NCPA - National Center for Policy Analysis


June 30, 2004

The state of Vermont is listed as one of the most endangered places in the United States, according to the National Trust for Historic Preservation -- and they point to Wal-Mart as the problem.

In 1993, Vermont was the only state without a Wal-Mart store, but preservationists worried that the hold-out state would not remain that way. Currently, Vermont has four small Wal-Mart stores, with plans underway for expanding two of the stores and building an additional seven "mega" stores.

But some towns, particularly in manufacturing states, are welcoming Wal-Marts and other large retailers for the sales tax revenues and jobs they bring.

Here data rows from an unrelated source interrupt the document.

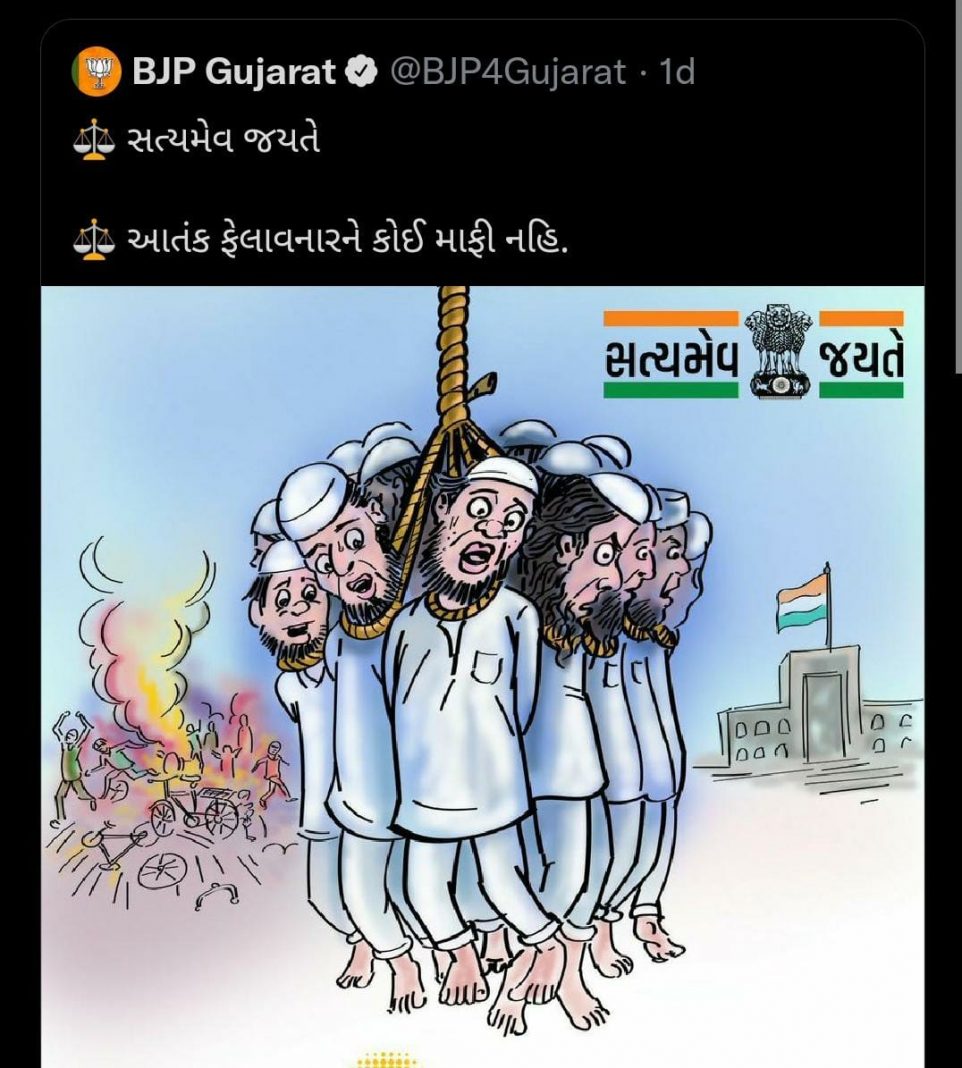 BJP Gujarat had shared an image which showed the representative caricature of the terrorists hanging to death, symbolising that terrorists will meet their rightful end.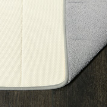 Fluweelzachte, antislip foam badmat, die zacht en warm aanvoelt en niet oprimpelt. Praktisch en fraai om te zien.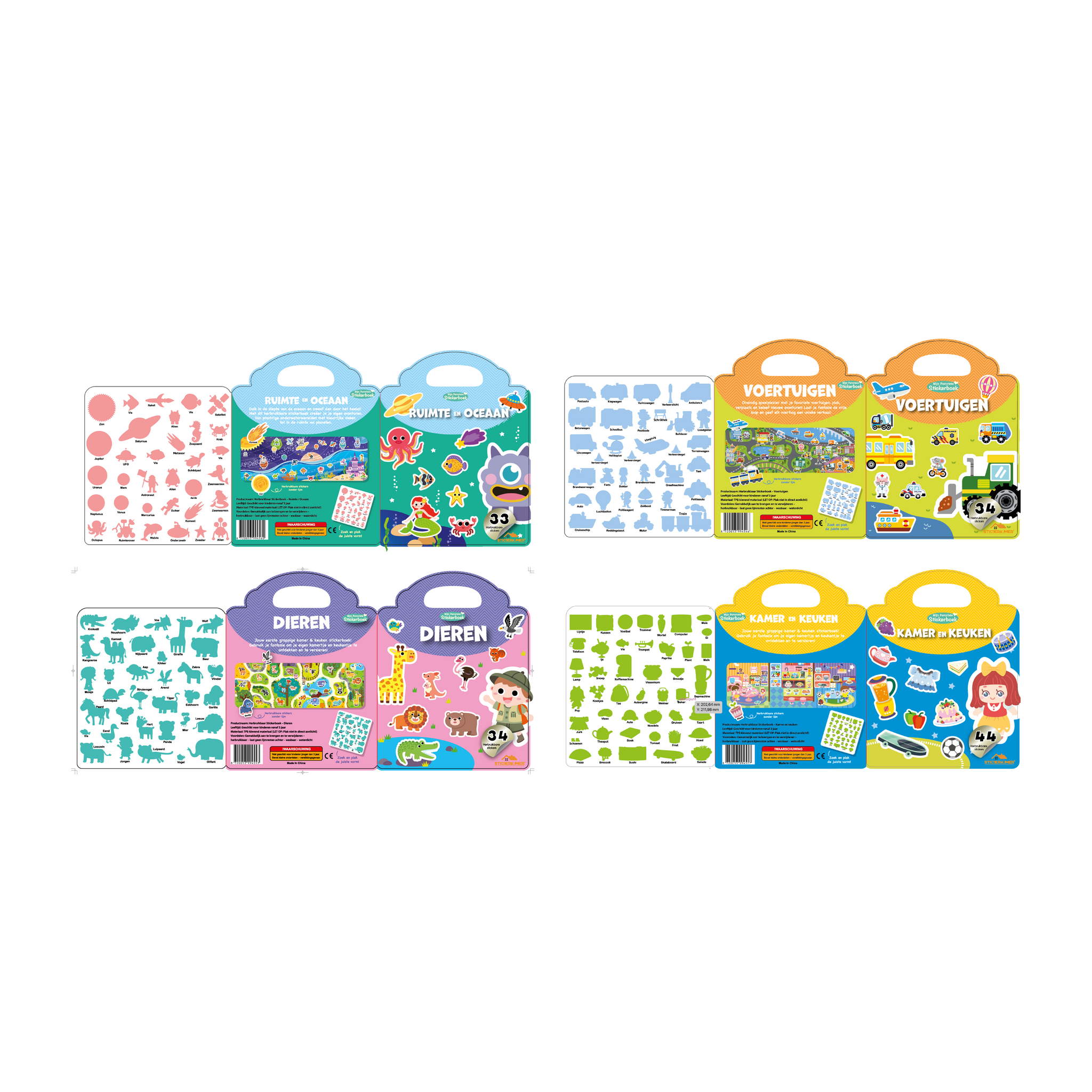 Herbruikbaar Stickerboek Kinderen: Wasbaar en in 4 Thema’s | Educatief Speelgoed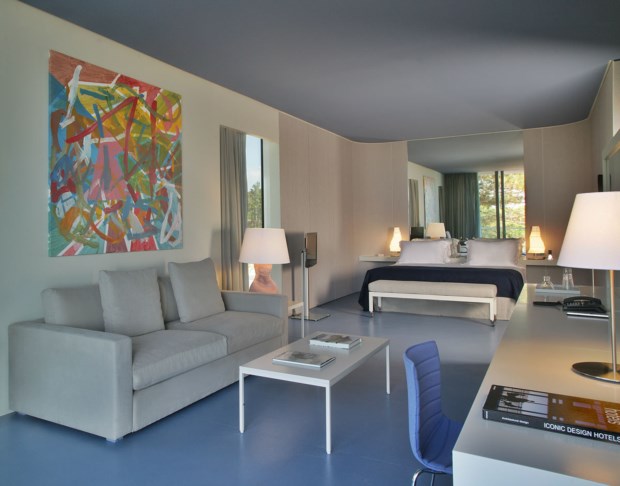 As cores escolhidas também não foram por acaso e reflectem a natureza do local. O azul do Atlântico nas paredes, tectos e chão do quarto contrasta com o branco do mobiliário, da enorme cama cheia de grandes almofadas. O quarto tem uma dimensão fora do normal, 64 metros quadrados em open space, onde tudo cabe, da casa-de-banho integrada, com a base do duche, mais recolhida, à banheira estreita e rectangular exposta junto à janela. Pelo meio, ficam os dois lavatórios e um toucador. Este é um móvel que serve para tudo — de um lado, o toucador e o espaço para as toalhas e roupões; do outro a secretária, a televisão e a mesa de apoio onde a fruta, uns bolos e algumas bebidas dão as boas-vindas. Dadas as dimensões, este é um quarto para o qual pode, por exemplo, convidar os amigos para tomar uma refeição ou simplesmente para conversar, sentados no confortável sofá branco ou nas espreguiçadeiras dispostas na espaçosa varanda.

In North Carolina, for example:

  • Surry County (with a Wal-Mart store) reported a $600 higher per capita income than neighboring Yadkin County (without a Wal-Mart store), but almost $7,000 more per capita in retail sales.
  • Surry County ranked 23rd out of North Carolina's 100 counties in retail sales per person, while Yadkin County ranked 83rd.

Opponents of "big box" retailers in Vermont worry about the impact of such stores on their communities, citing concerns they will consume farmland and contribute to sprawl, decimate small businesses and detract from the historic character of the state.

Critics claim that in a state with a population of only 600,000 people, the addition of seven more Wal-Marts would be the "critical mass" needed to destroy Vermont.

Sources: Rowland Nethaway, "Prices Falling in Vermont," Waco Tribune Herald, May 26, 2004; "American's 11 Most Endangered Historic Places 2004: State of Vermont," National Trust for Historic Preservation; and Lisa Hoppenjans, "Big-Box Benefits," Winston-Salem Journal, April 25, 2004.